Most of the problems we are going to do in this chapter involve ordinary annuities, therefore, we will down play the significance of the last formula for the annuity due. We mentioned the formula for the annuity due only for completeness.

## Summary

Finally, it is the author's wish that the student learn the concepts in a way that he or she will not have to memorize every formula. It is for this reason formulas are kept at a minimum. But before we conclude this section we will once again mention one single equation that will help us find the future value, as well as the sinking fund payment.
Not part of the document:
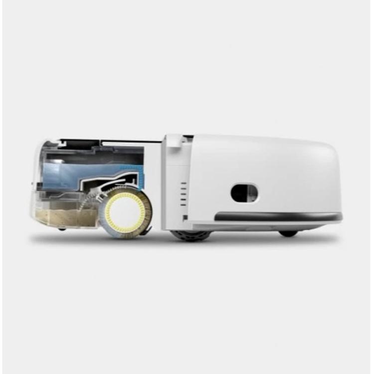 Robotski čistilnik tal RCF 3 deluje s Kärcherjevo preizkušeno valjčno tehnologijo, ki zagotavlja posebej temeljito mokro čiščenje trdih tal.

If a payment of \(m\) dollars is made in an account \(n\) times a year at an interest \(r\), then the future value \(\mathrm{A}\) after \(t\) years is

\[\mathbf{A}=\frac{\mathbf{m}\left[(\mathbf{1}+\mathbf{r} / \mathbf{n})^{\mathbf{n t}}-\mathbf{1} \right]}{\mathbf{r} / \mathbf{n}} \nonumber \]

Note that the formula assumes that the payment period is the same as the compounding period. If these are not the same, then this formula does not apply.